Вместе с нами под одной крышей жила и баба Марфа, мать отца. В доме стояла прялка и самодельный ткацкий станок. Какие рушники и покрывала (у нас их называли «капы») ткала бабушка! Бывало, придет кто–то из соседок — Сидориха, Федосиха, Кирилиха, Никониха, сидят–разговаривают, а бабушка не оставляет своего занятия: то пряжу сучит, то нитами стучит. Иногда, случалось, и песню затянут. Кстати, пели в деревне всегда. Веселье царило и на свадьбах, и на крестинах. Мы, детвора, особенно любили последние. С нетерпением ждали того мгновения, когда названая бабка торговалась за свою «кашу», а потом глиняный горшок, наполненный сладостями, кум разбивал о стол. Кроме конфет, которыми нас угощали, каждый норовил заполучить и черепок от разбитого горшка. И были такие счастливые, когда приносили черепок этот домой. Словно кусок золота нашли.
Отмечались в нашем доме, как и в деревне, и все религиозные праздники. На одни, как престольный (у нас это был Микола), собирались родственники из других деревень, на другие (Рождество, Пасха) бабушка отправлялась на ночь в буда–кошелевскую церковь, и мы утром, искоса поглядывая на стол, ждали, когда она вернется и на нем появятся всякие вкусные яства. Мать и бабушка и яблок не ели до Спаса. А вот отец не любил праздников.

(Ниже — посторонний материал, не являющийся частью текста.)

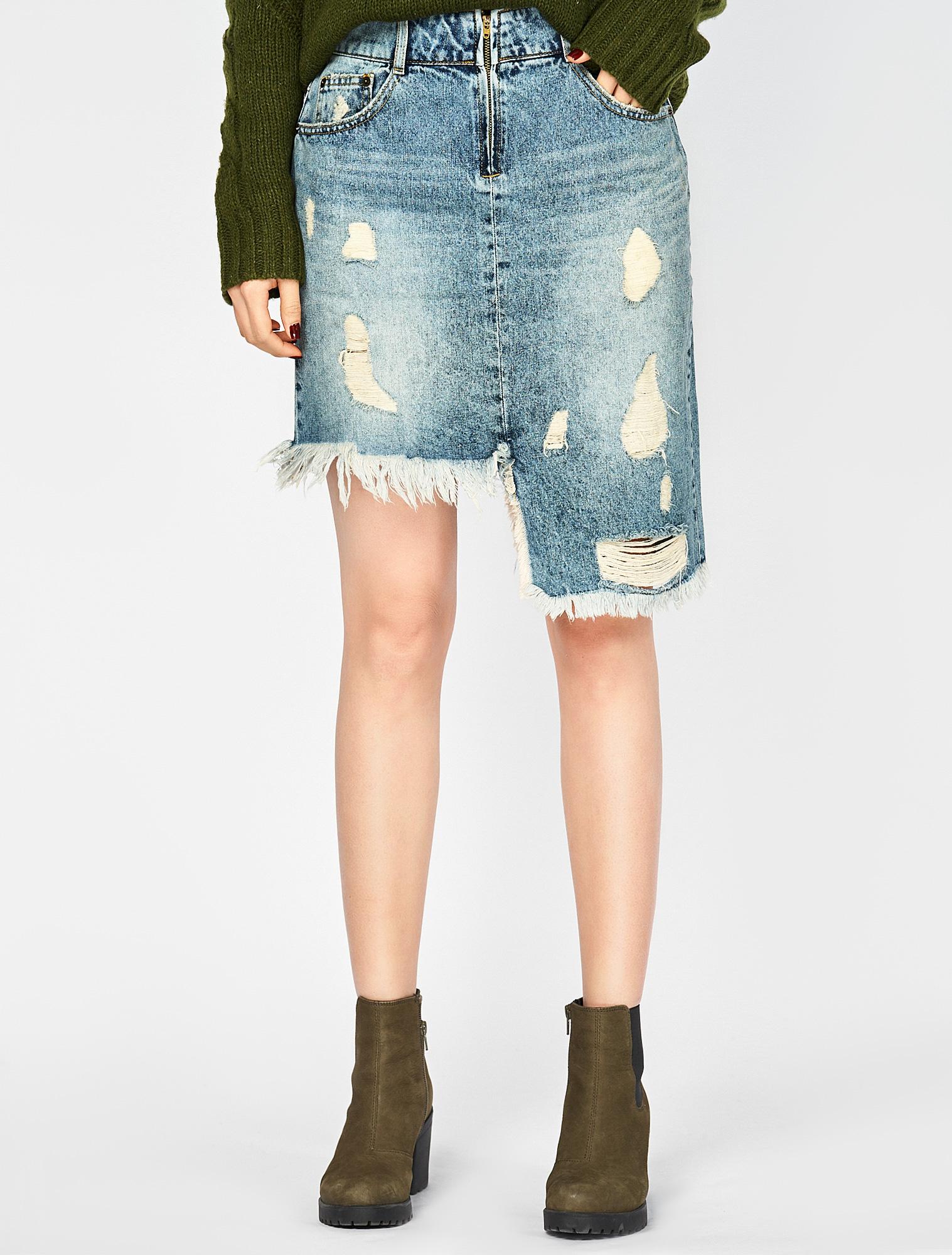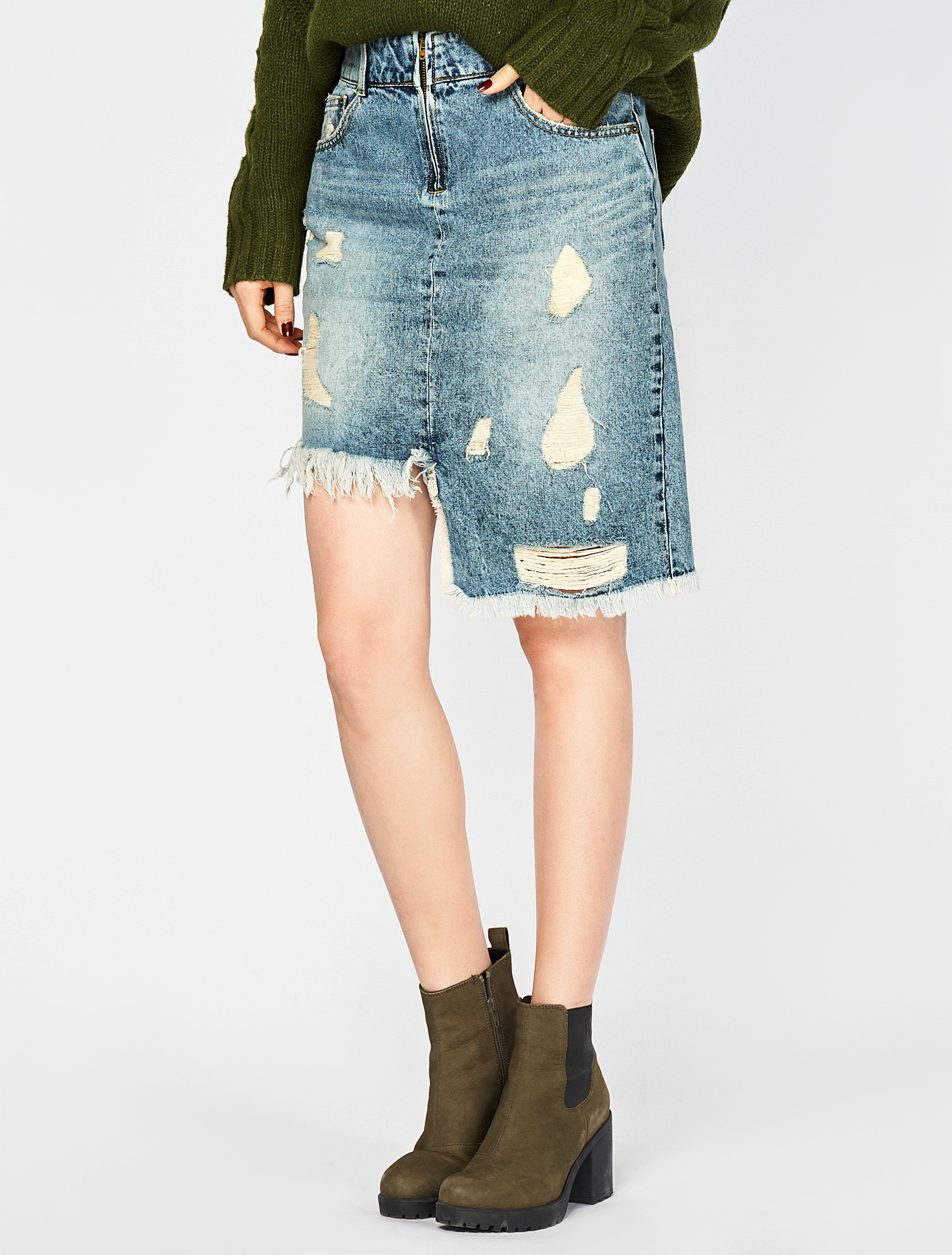 - Chân váy denim lệch gấu, xé rách, mài bạc mặt trước
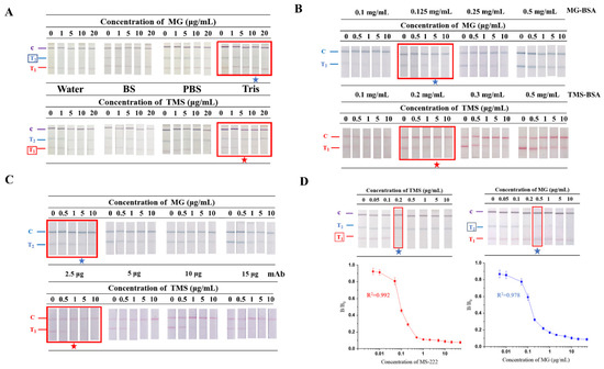 Optimisation results of different conditions. (A) Loading buffer solution. (B) Concentration of coating antigens of TMS-BSA and MG-BSA. (C) The amount of mAbs used to prepare AuNP probes for TMS and MG. (D) Single detection sensitivity of TS-DTL, (left) for TMS, (right) for MG. ★: Red and blue pentagrams indicate the qualitative limit of TMS and MG, respectively.
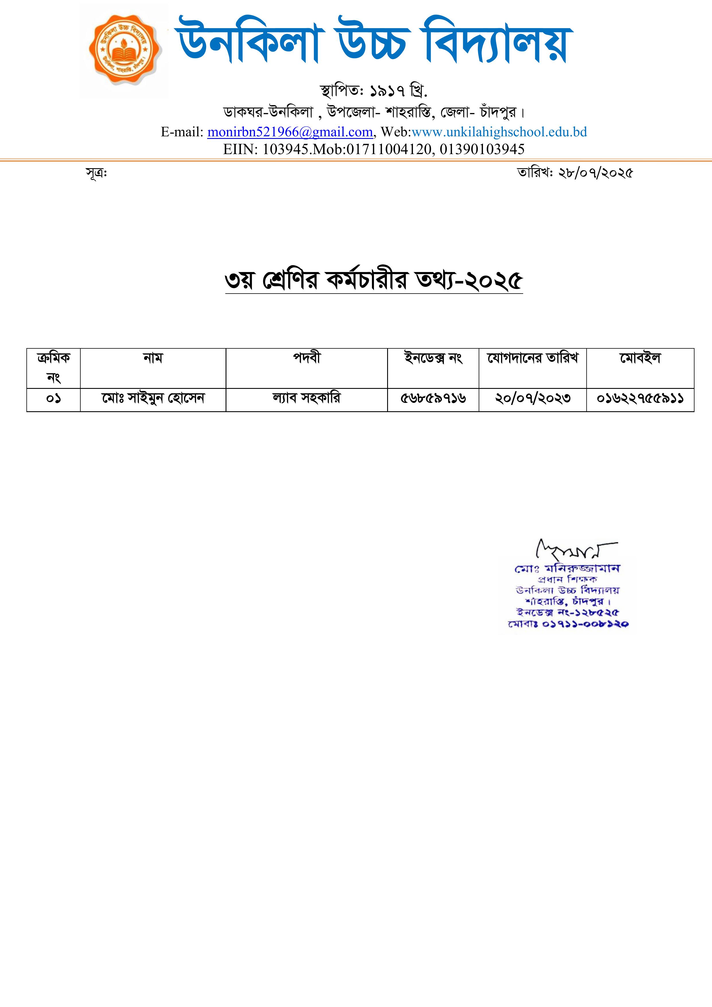 কর্মচারী – ৩য় শ্রেণি
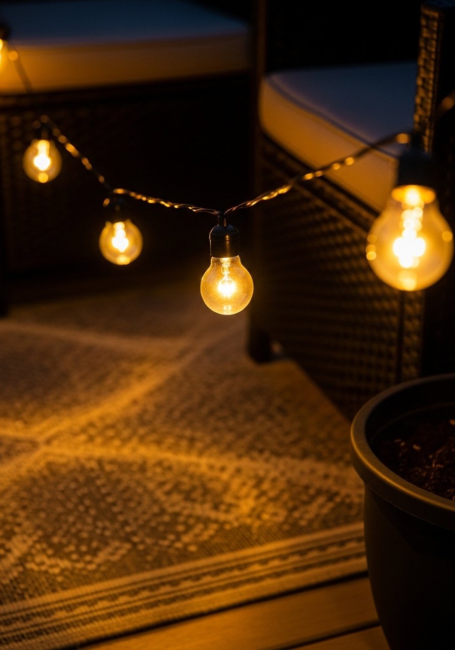 I drape solar string lights along the outer edge or between posts so light washes the seating area. I layer with a lantern on the side table for pockets of brighter light. The difference is immediate: the space goes from usable to inviting after dusk.
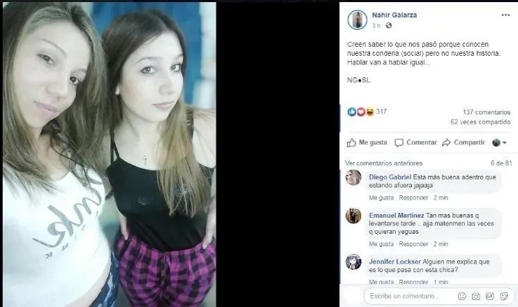 En ese posteo que realizó Galarza, Nahir hizo una declaración parecida a la de Yanina ya que mencionó "creen saber lo que nos pasó porque conocen nuestra condena pero no conocen nuestra historia".
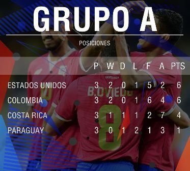 Tras la sorpresiva derrota frente a Costa Rica, Colombia se quedó en el segundo lugar detrás de Estados Unidos.
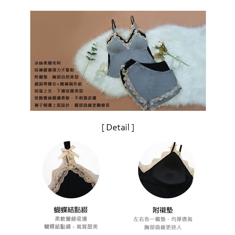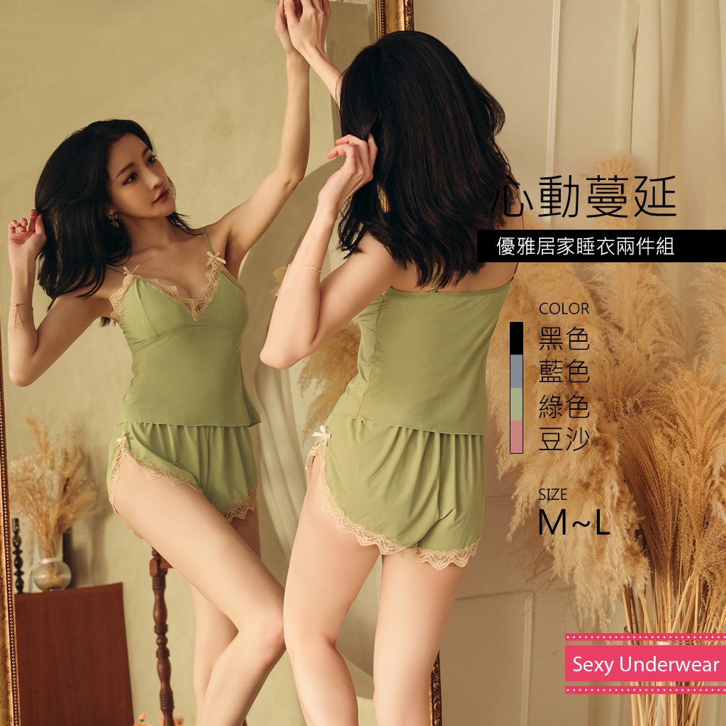 Amorous私密內衣「心動蔓延」優雅居家睡衣兩件組【G24029】綠色,M|綠色,L|藍色,M|藍色,L|黑色,M|黑色,L|豆沙,M|豆沙,LPajamasAmorous私密內衣
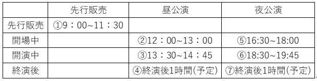 ※②⑤の開場中販売は、会場内での販売につき、該当公演のチケットをお持ちの方のみ商品をご購入いただけます。
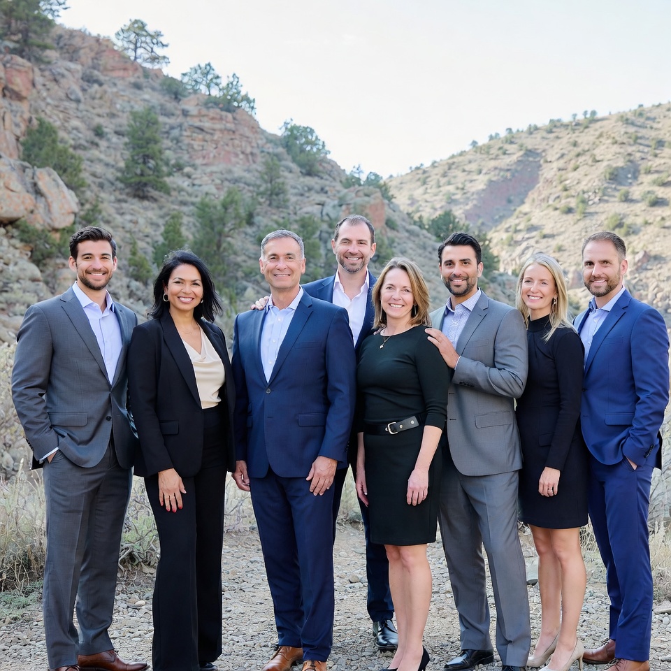 A diverse group of eight professionals in business suits stands together on a dirt path with red rock cliffs and pine trees in the background. The men wear suits in gray, navy, and blue, while the women wear black dresses, skirts, and blazers. They smile confidently at the camera under a clear sky.
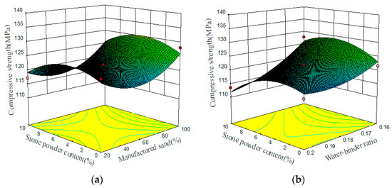 Three-dimensional response surface plots between preparation parameters and compressive strength: (a) stone powder content and MS replacement ratio; (b) water–binder ratio and stone powder content (The red points represent design points where the actual values are higher or lower than the predicted values).
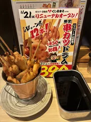 リニューアルキャンペーン 今月末まで。串カツ12本、429円。お通し不要。生中スーパードライ、319円。お得。
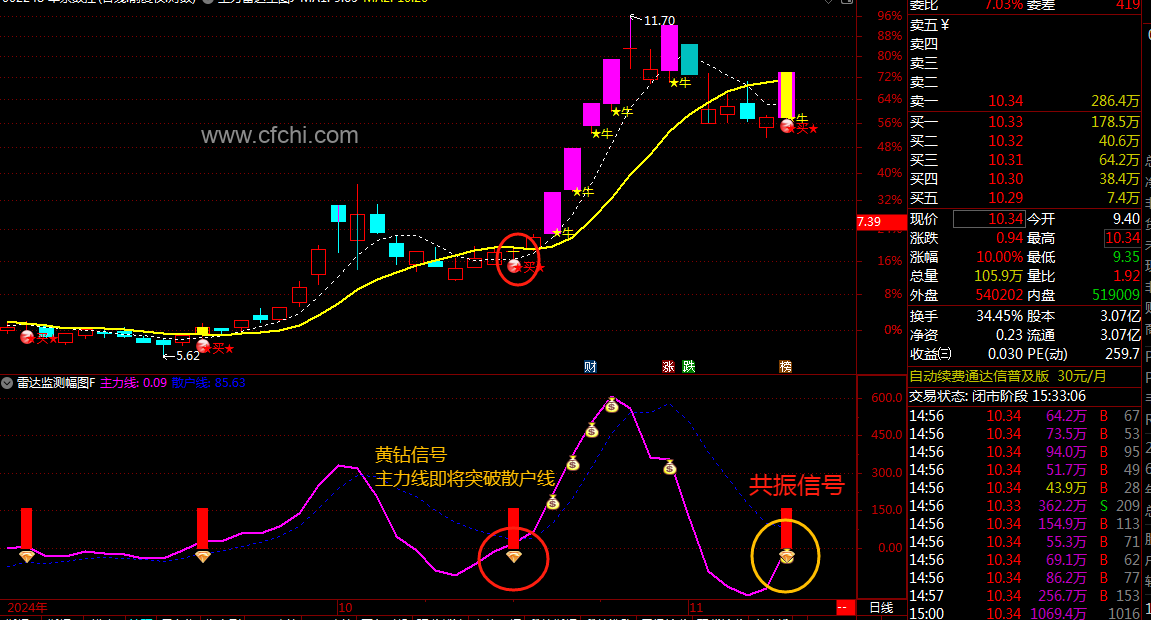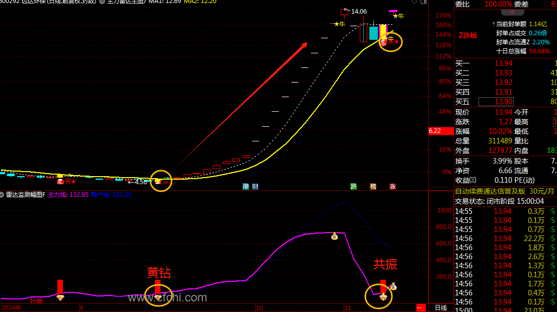 套装指标包含:主力雷达主图+雷达监控副图+黄钻石信号选股+黄钻石与钱袋子信号共振选股;
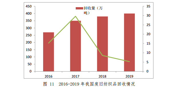 2019 年,我國棉、化纖和絲三類紡織纖維加工量約6610萬噸。據估算,每年產生廢舊紡織品超過 2000 萬噸,一類是消費前工業(yè)加工領域的邊角料等,基本得到再生利用,另一類是閑散在居民手中的大量廢舊衣物和紡織品,再生利用率約 15%。2019年,我國廢舊紡織品回收量約為 400 萬噸, 同比增長 5.3%。2016-2019年我國廢舊紡織品回收情況如圖 11 所示。
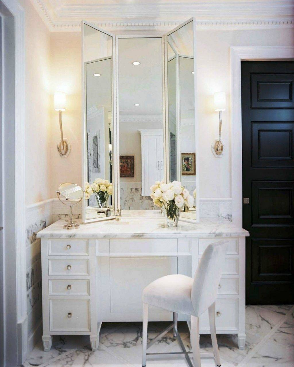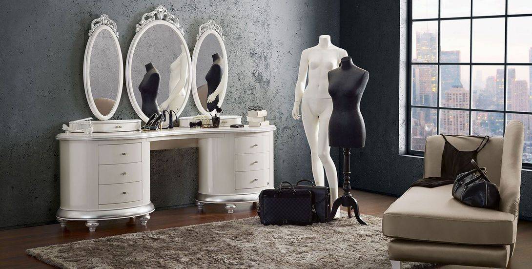 Эти, казалось бы простые предметы интерьера несут огромный функционал. Зеркала помогают не только оценить свой внешний вид, но и служат отражающей поверхностью в процессе сборов куда-либо. Небольшие выдвижные ящички вместят огромное количество пузырьков и флакончиков с косметикой и кремами, парфюмерию и бижутерию. А тройное зеркало трельяжа позволит вам рассмотреть себя под любым ракурсом.
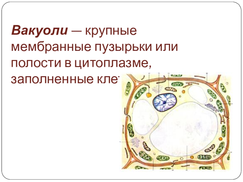 Слайд 17Вакуоли — крупные мембранные пузырьки или полости в цитоплазме, заполненные клеточным соком.
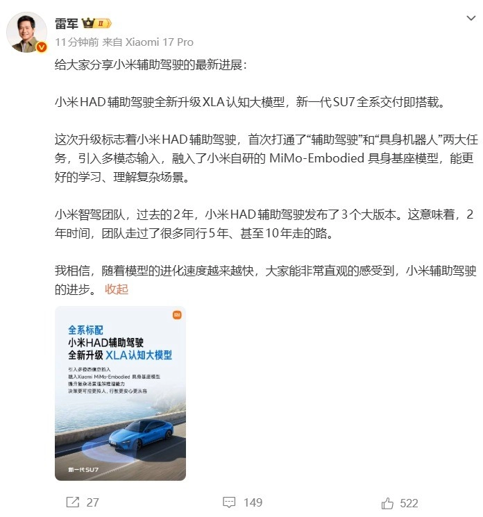 随着新一代小米SU7的发布日益临近,小米最新一代辅助驾驶系统也即将完成升级。今日,雷军通过微博分享了小米辅助驾驶的最新动态。他透露,小米HAD辅助驾驶已全新升级至XLA认知大模型,而新一代SU7全系车型在交付时都将搭载这一系统。
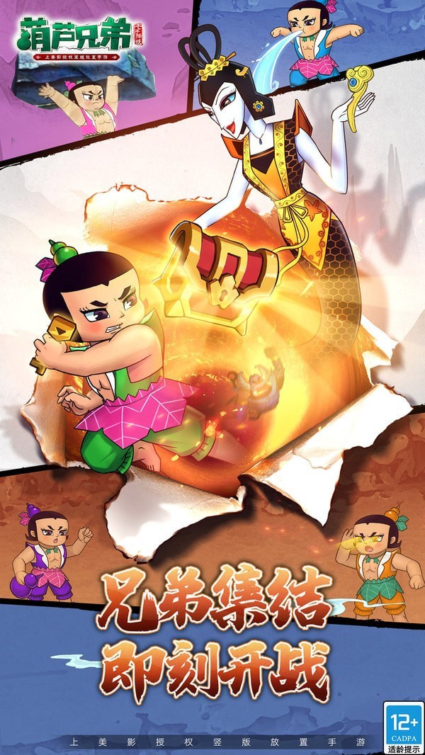 由上海美术电影制片厂正版授权,以86年剪纸风《葫芦兄弟》动画片为原型的手游大制,深度还原情节。轻松练级,休闲挂机,忙时经验不错过,上线挑战奖励多丰富,您可以和葫芦七兄弟共闯妖巢!带领葫芦兄弟披荆斩棘,洞破妖洞大门!保住穿山甲,救出爷爷,就在《葫芦兄弟-七子降妖》!

В большие еще молчал, а в остальные, когда мать предупреждала его, чтобы не стучал в своей мастерской, как правило, недовольно бурчал: «Понапридумывают праздников для бездельников... Где же это видано, что пить–гулять можно, а работать — грех». И втихую от матери, случалось, пускай и не стучал, но стругануть какую–то дощечку, поглядывая на дверь, пробовал.
Моя Потаповка издавна славилась своими мастерами: столярами, плотниками, бондарями, кузнецами, печниками... До сих пор перед глазами — корзины да лукошки разные, которые мастерил из лозы дед Гришка. А однажды он мне с братом Петей даже лапти сплел — это когда мы оба готовились в школе к постановке сценки по поэме Якуба Коласа «Сымон–музыка». Вот только деревня стареет, все меньше живущих в ней.
Как–то спросил у одного своего еще довольно моложавого одиноко проживающего сельчанина: «Почему ты женщину в дом не приведешь? Вон их сколько вокруг: и незамужних, и разведенных, и вдов!» А он достал откуда–то из–за бревна, на котором сидел возле дома, початую бутылку вина и, отхлебнув из горлышка глоток–другой, спокойно так парировал: «Видишь, я купил пол–литра — и она вся моя. А женюсь — на двоих делиться придется...» Горькие слова, но есть в них и его доля правды.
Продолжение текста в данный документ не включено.